I bet you didn’t have to think for too long at this one!
Appreciating skills are those whose value compounds over time, because they are the foundations upon which you build your career and your life. Everything around can and will change, but your appreciating skills will allow you to pivot smoothly to whatever scenarios your life is transitioning into.
Billionaire investor Warren Buffett attributes almost all of his success to having strong communication and people skills, rather than any innate technical genius.
As he says:
“I’m not the smartest guy in the world by any measure... But I can assemble people who are smarter than myself and work well with them.”
The wisdom to recognize individual limitations and bring together complementary minds lies at the heart of consulting excellence.
Master communicators distinguish themselves by exceptional listening rather than just talking. Tuning into subtle verbal and nonverbal cues proves more decisive than isolated expertise.
Cultivating relationship talents and intuition separates the true thought leaders from the mere doers.
Improving your transferable meta-skills
I learned to find joy in the process of becoming better at all those transferable meta-skills I call “appreciating skills”.
I learned to love learning and practicing how to improve my communication, how to improve my writing and my speaking, how to become a more effective negotiator (for myself and the firms I worked for), how to enhance my quick learning abilities (so that I can easily pivot as everything around me changes).

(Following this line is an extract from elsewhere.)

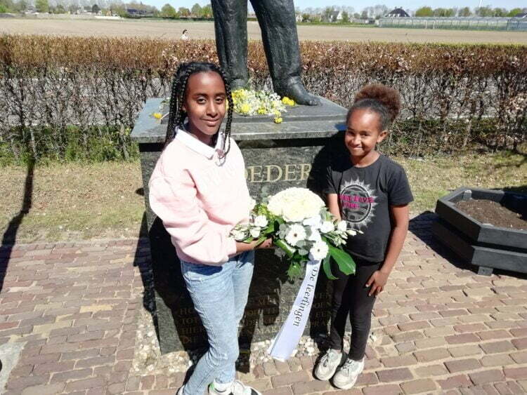 Leerlingen van Het Anker leggen bloemen bij het monument ‘Moeder’

I see my day-to-day consulting work as an opportunity to practice and get better.
I discovered my intrinsic motivation:
consistently improving at my “appreciating skills” while staying relevant in the value I provide to my team and clients as everything changes around us.
As you climb the proverbial ladder and you grow as a professional and as an individual, you will likely gain a newfound interest in leaving a legacy behind you.
You will find it worthwhile teaching other people what you learned.
You will feel almost obliged to show them where they can get to and what they can achieve if they manage to channel their motivation towards the few things that count.
80/20, Pareto rule: not everything is equally important and certainly not everything is equally urgent.
As inventor Charles Kettering wrote:
“The world hates change, yet it is the only thing that has brought progress.”
Irresistible consultants crave fluidity, turning uncharted waters into playing fields for personal and collective advancement. When external forces shift, values and mindsets matter more.
An intrinsic drive towards self-betterment and service allows us to perpetually riding new waves instead of being swept away. The lifelong learners shape future generations, compounding their contributions essentially without any limit.
That’s why I’m still in this business and I’m clocking the second decade as a management consultant:
I find joy in my learning journey
I find pride in educating new generations of consultants
I find happiness in sharing the few things I have figured out along the way
I find it intellectually stimulating debating with young folks around subjects they are passionate about.
And I keep learning from them as much as they keep learning from me.
Soft skills are usually harder because you can’t manufacture social situations at will to practice. Also, it’s not as safe to fail because of that, so the pressure is higher.
Whereas a project to learn a technical skill, we can come up with them and dial up/down the difficulty to accommodate for our comfort level.
So interesting how a mix of both is so important, but sometimes hard to come by!
It seems like there are journey phases in consulting that parallel product management. With new PMs they want to learn the technical side, how to get software features built. Then they realize the importance of communication with developers, designers, customers, and business stakeholders in getting the right thing built. Without communication it’s tough to build software that’s desirable, feasible, and importantly - to keep the lights on - viable.
Communicating effectively is the heart of getting good work done.